Excellent. I adore science-fiction having to do with mythical beings and unforetold magical abilities. I appreciate the fact that your main character's will to go on had less to do with self-preservation and more to do with fighting to stay alive in order to continue watching over her loved ones.

Unknown said...

This story is amazingly creative. I really enjoyed just how different the subject matter was and truly appreciated it. The way that the story starts off a bit in the middle is interesting and really does add a layer of suspense for the reader.
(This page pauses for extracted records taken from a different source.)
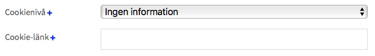 Oavsett tolkning så inför vi från och med en ny inställning för er Atlas CMS-webb som vi kallar för "Cookienivå". Under Atlas CMSInställningarSidan så ser ni längst ned två nya fält, Cookienivå och Cookielänk.
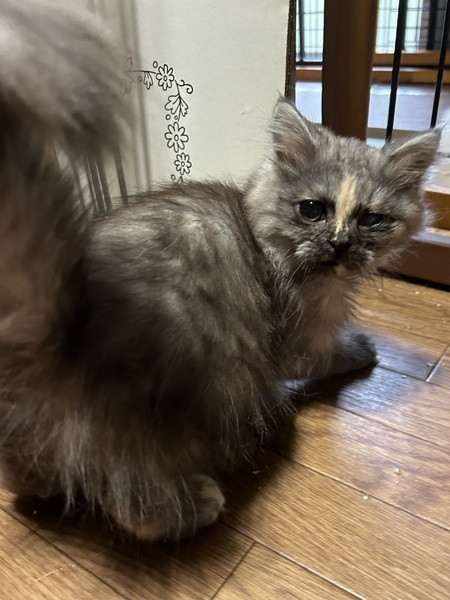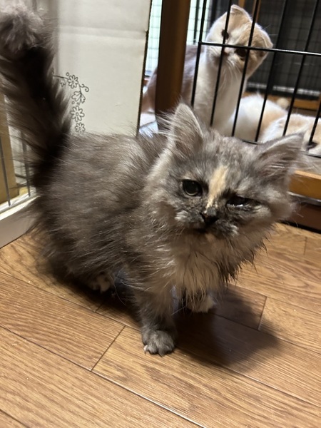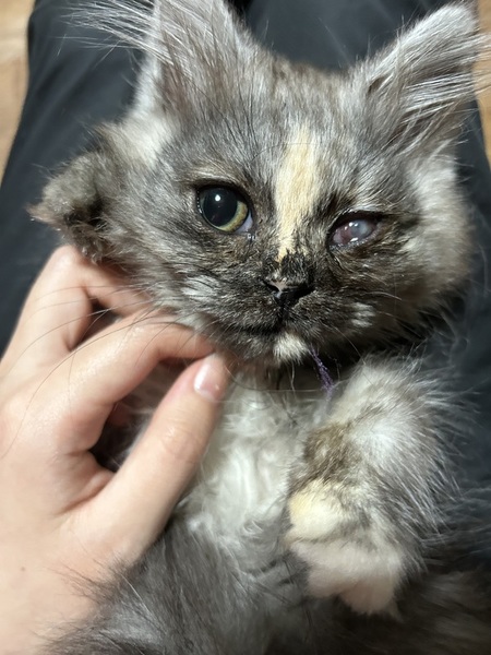 | 特徴(性格など) | サイベリアンのモンちゃん メス、3ヶ月 毛はブルーパッチドタビー&ホワイトです とても甘えん坊で人懐っこいです! ゴロゴロが止まりません 撫でられるのも抱っこも大好きです 遊ぶのも好きです ただ、保護当時にひどく風邪を引いており、その影響から左目が失明してしまっています ですが現在は片目でも特に問題なく生活出来ています 現在(4/10)皮膚糸状菌症(真菌や猫カビといわれるもの)を治療していますが、あと2週間ほどで完治する見込みです |
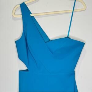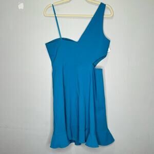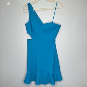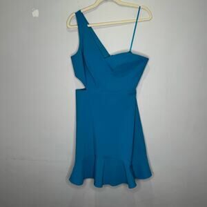 NWT Aidan Mattox One Shoulder Asymmetric Cutout A-line Mini Dress Blue Sz 8
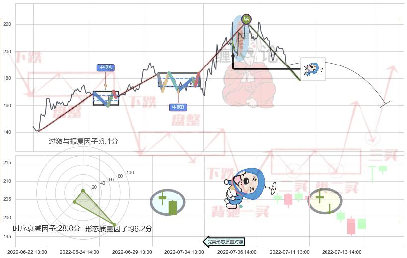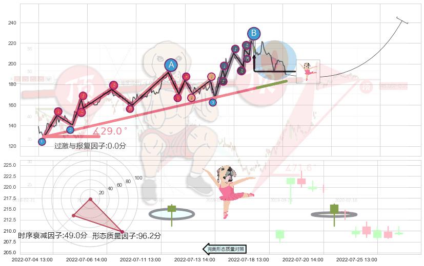 从2022-04-27 09:00至2022-07-22 14:00,共包含219个小时,阶段股价上涨53.82%,阶段股价变动位移路程比: 1 : 5,上涨趋势角度: 29.0,2022-06-30 13:00向⇪形成缺口,跳空上涨+10.00%

The way you describe the kingdom really does put the reader in a time period of their own and because the time period and overall setting is so different from the current setting of today i really think it helps the reader distance themselves from the real world and submerge themselves into the story. Good Job.

Jada Dedman said...

First, the title brought me to this piece, but reading the story, just wow, very good imagery, I could just picture everything. The frame you used to tell the story was interesting, nice story!

Kyle millsap said...

The story was great!! The main characters background, the amount of imagery, and the lessons taught were just amazing. Good Job!

Unknown said...

Amazing!!!! Wow Margarita! I feel like your title goes well with your piece of work. I really enjoyed reading this, I even felt like I was in your story because of the great use of imagery. You described everything so well and ultimately I enjoyed so much it was very great. Stringly well planned and everything was worded greatly thanks for sharing this piece with us.